CHAPTER 31

Identity and Privacy

As people's identities migrate into the ether of digital representation, all manner of questions emerge: Rights, responsibilities, and risks all can be thought of in significantly different terms than they were 20 years ago.

With the launch of Google Plus in 2011, it's an opportune time to think about digital privacy, insofar as Google is explicitly targeting widespread user dissatisfaction with Facebook's treatment of their personal information. The tagging feature, for example, that was used to build a massive (hundreds of millions of users) facial recognition database has important privacy implications. In standard Facebook fashion, it's turned on by default, and opting out once may not guarantee that a user is excluded from the next wave of changes. If a government did that, controversy would likely be intense, but in Facebook's case, people seem to be resigned to the behavior.
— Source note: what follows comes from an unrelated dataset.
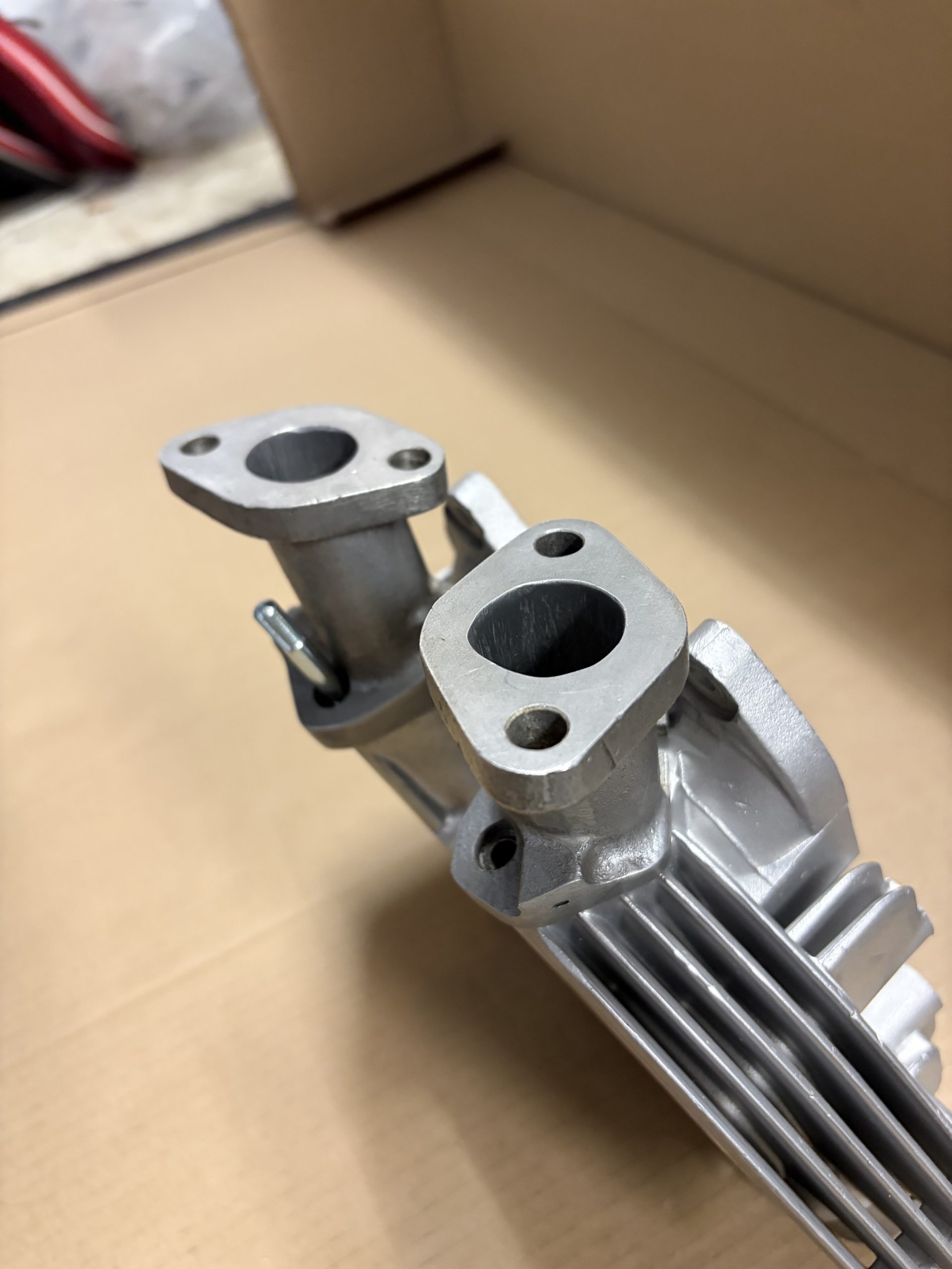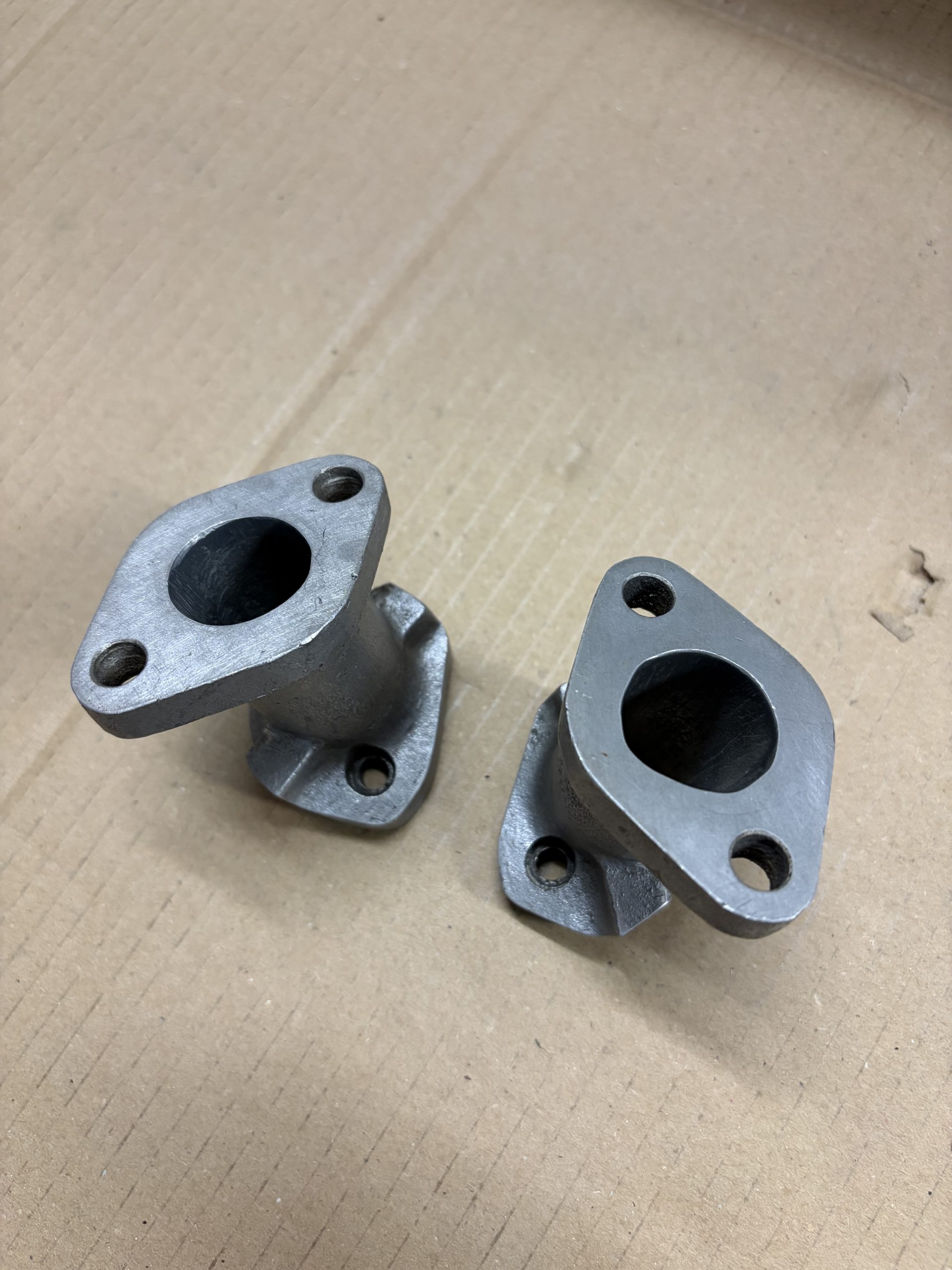 A pair of custom aftermarket alloy manifolds.

According to a 2010 poll of customer satisfaction developed at the University of Michigan, Facebook scored in the bottom 5% of providers—in the range of cable operators, airlines, and the Internal Revenue Service. Even as Facebook is rumored to be holding off user-base announcements for 100-million intervals since a billion is in range, users are defecting. While the service is said to be closing in on 750 million users globally, reports of 1% of that population in the United States and Canada defecting in one month were not confirmed by the company, but neither were ...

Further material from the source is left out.